* _Source information_

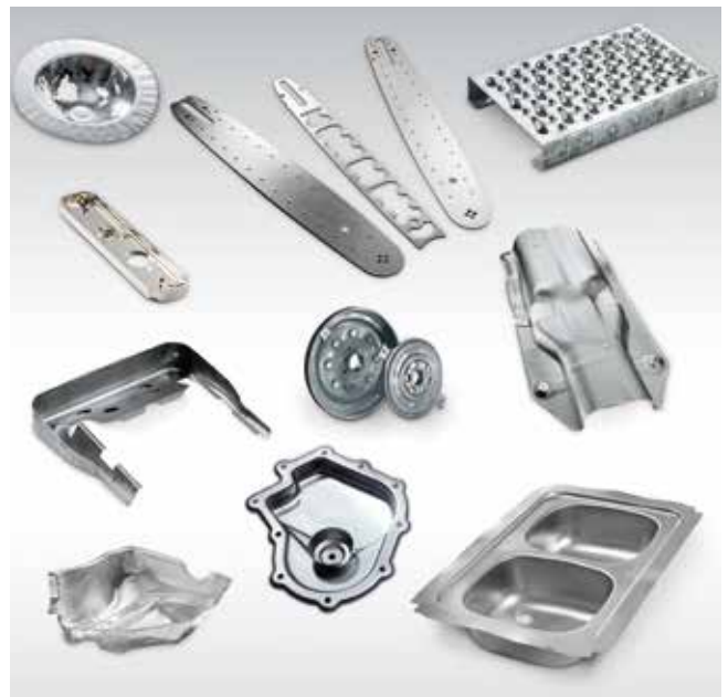
HPX-Pressen für ein breites Bauteilspektrum.

Volle Integration. Die Baureihe HPX ist nahtlos eingebunden in die umfassende Schuler-Welt. Sie bietet nicht nur die bewährte Schuler-Bedienoberfläche, sondern als modularer Baukasten auch vielfältige Erweiterungsmöglichkeiten mit definierten Schnittstellen für Pressenautomation.
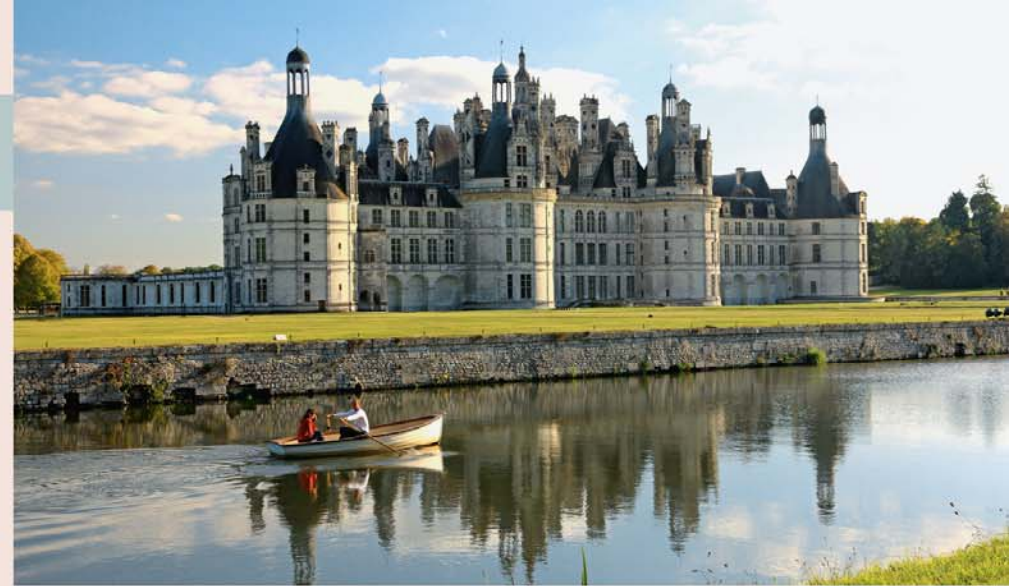
Fraai uitzicht op de noordgevel van het kasteel van Chambord

► Dit symbool verwijst naar de uitneembare kaart
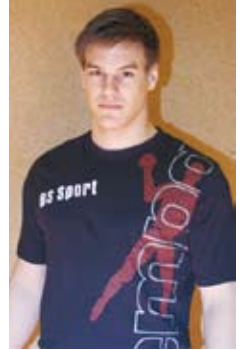
Nr. 3 LA/ KM
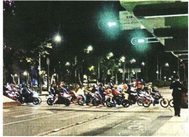
Las Rodadas del Terror sumaron ya tres días de bloqueos en vialidades y violaciones al Reglamento.

Para evadir a la Policía, para estas nuevas fechas, los organizadores evitaron informar posibles rutas y metas.
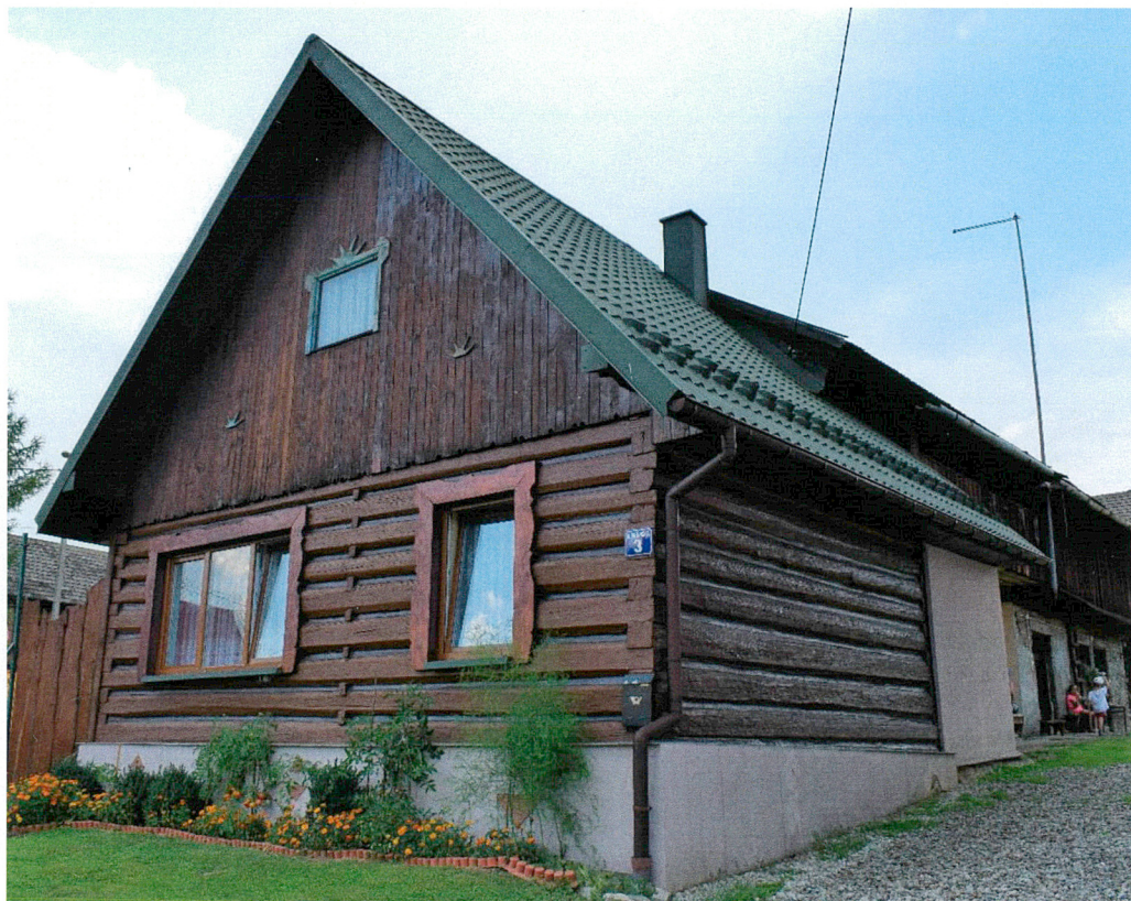
Widok od południowego wschodu
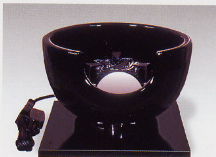
F406 真塗(紅鉢型) お炭点前 使用可能

径: 29cm・高さ: 31cm 100V/400W 灰型付 〈付属品一式〉志きの釜・釜かん まえかわらけ 真塗敷板 切替中間スイッチ付 (200W・200W・400W)
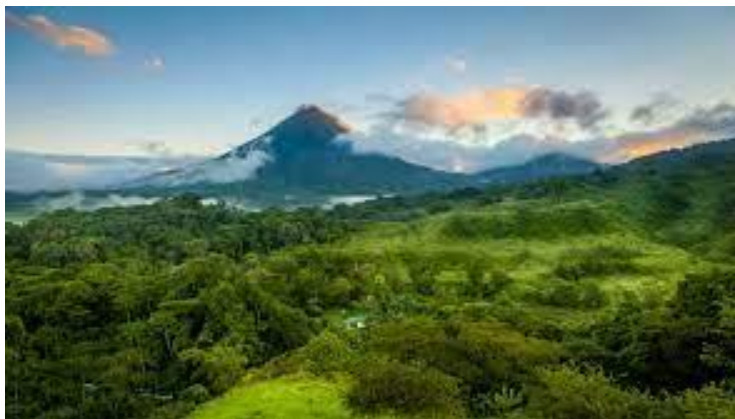
Figure 4: capture d'image présentant le patrimoine naturel du Costa Rica.

Du Costa Rica: Le Costa Rica a de nombreux atouts pour séduire les amateurs de tourisme vert, à commencer par sa faune et sa flore. ... Ce petit pays d'Amérique centrale a également réussi à stopper la déforestation en développant un écotourisme de qualité à la place de la culture des bananes et du café.
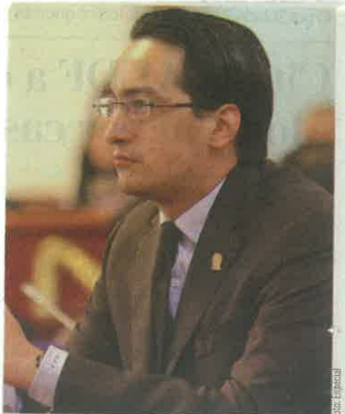
Pese al exhorto, Atáyde pidió al Gobierno local usar de manera eficiente su recaudación.

Asimismo, pidió no hacer uso político del Fondo de Capitalidad y, pese a apoyar su existencia, ver qué tiene que decir al respecto la Secretaría de Hacienda.
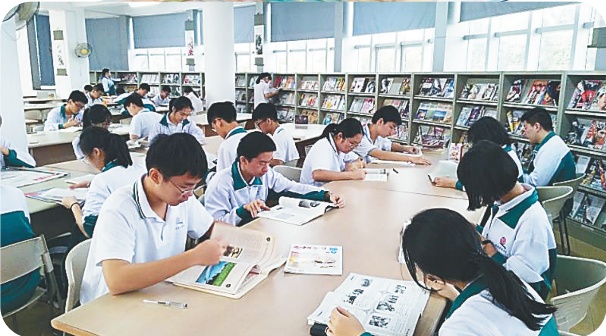
海南华侨中学阅览室，学生们在阅读。
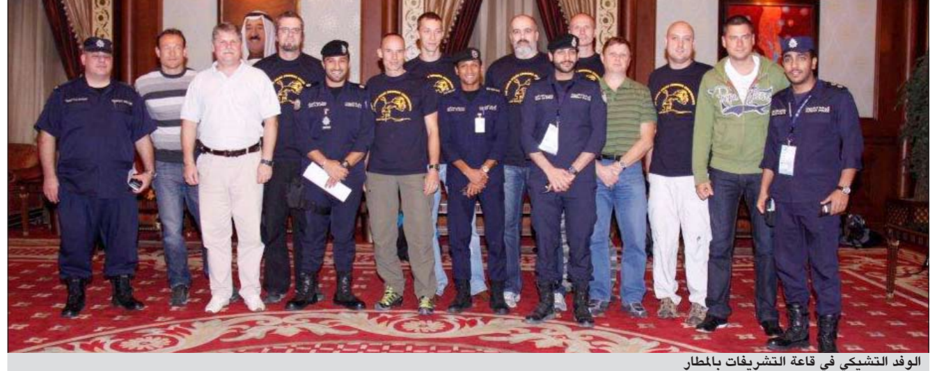
الوفد التشيكي في قاعة التشريفات بالمطار

وتتعلق منافسات البطولة رسميا غدا السبت على مجمع احواض السباحة بالنادي العربي
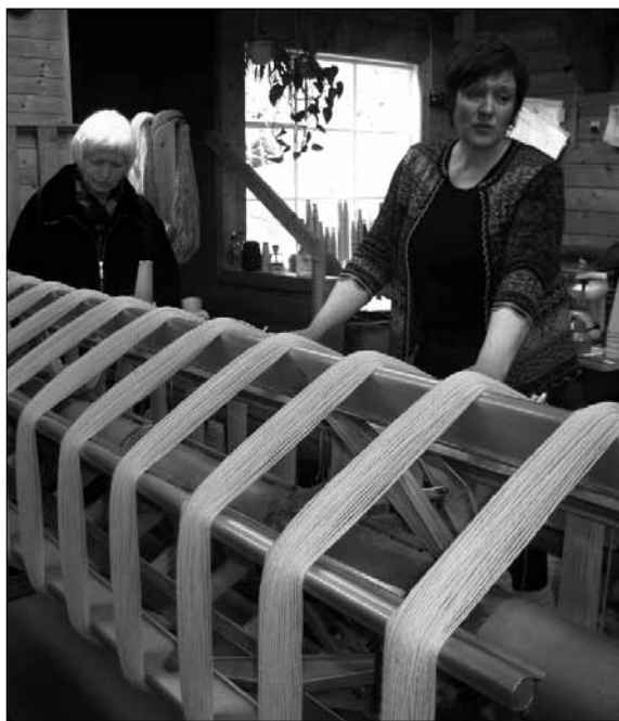
Omvisning på Hillesvåg Ullvarefabrikk.
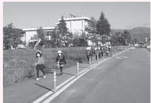
視線誘導標設置状況

通学路は、常に危険と隣り合わせ。大津市で発生した、歩道で信号待ち園児の列に車が突っ込んだ事故を受け、当町での危険箇所の見直しに伴い、歩車道境界に34本のポール（視線誘導標）を設置して頂きました。しかし、安全運転に勝る危険の回避はありません。町民の皆様にも、安全運転のご協力をお願い致します。
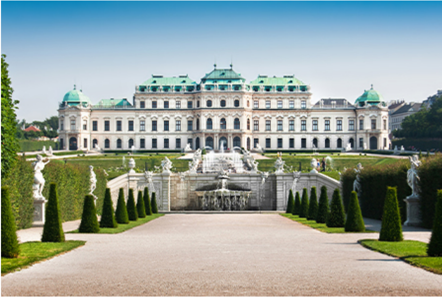
Bécs - Felső-Belvedere barokk kastély 21 €
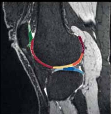
Segmentácia kolennej chrupavky pomocou AI

Automatizovaná, kvantitatívna a štruktúrovaná analýza kolennej chrupavky pre systém syngo.via
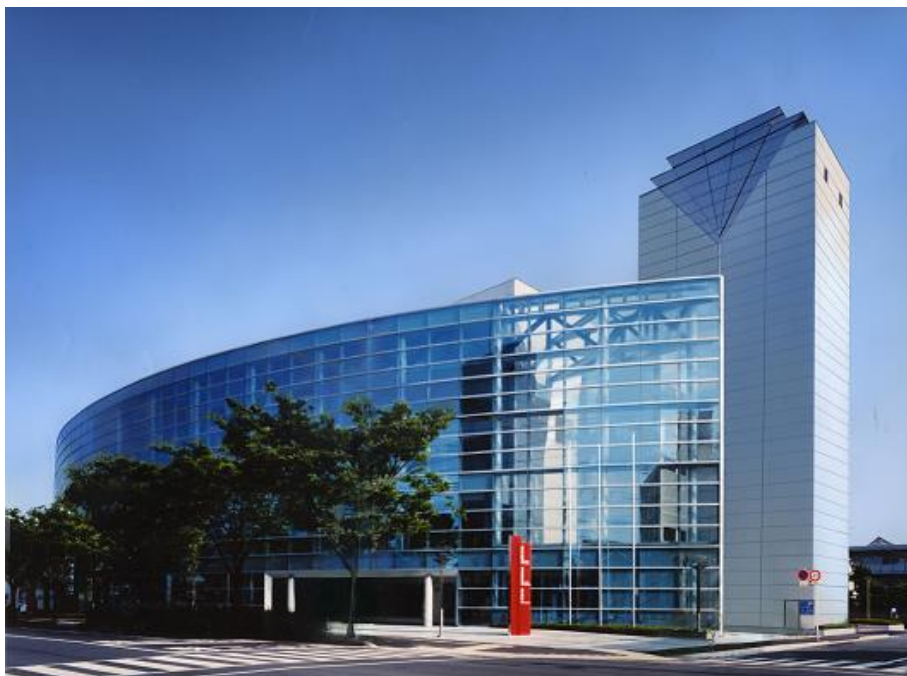
サンクリスタル高松
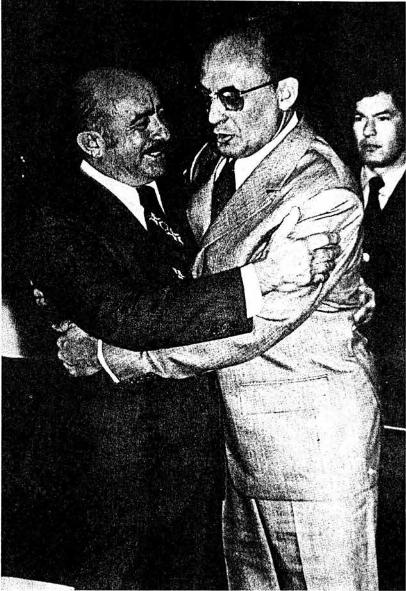
Napoleón Gómez Sada y Luis Echeverría Álvarez
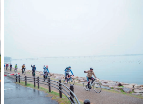
公園内通路（中 / 初級者）
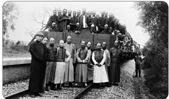
京张铁路修成时詹天佑与同事合影,1909年2月

京张铁路是中国首条由中国人自己筹资、勘测、设计、施工建造并投入营运的铁路,由詹天佑(车前右第三人)任京张铁路会办兼总工程师,1905年9月开工修建,于1909年建成。
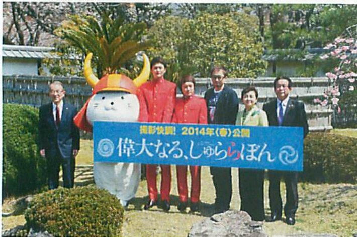
4月4日(木) 彦根城博物館でのクランクイン
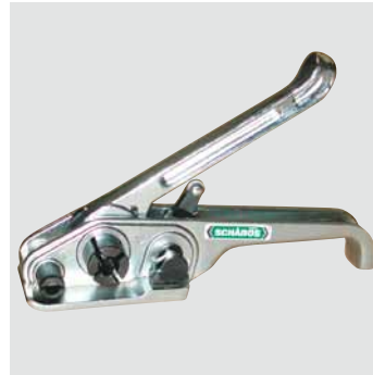
Bandspanner P 390 aus Zink, bruchsichere Ausführung, stabil, für PP und Polyesterband 12-19 mm Best.-Nr. € 59 18 20 Bandspanner P 390 168,-
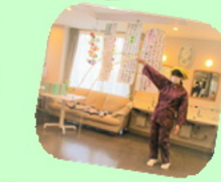
【職員による南京王すだれ】
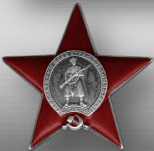
Орден Красной Звезды 1945г.

* _Work request_
A single number is required: how many lines in these records contain "kolennej".

* _Output below_
2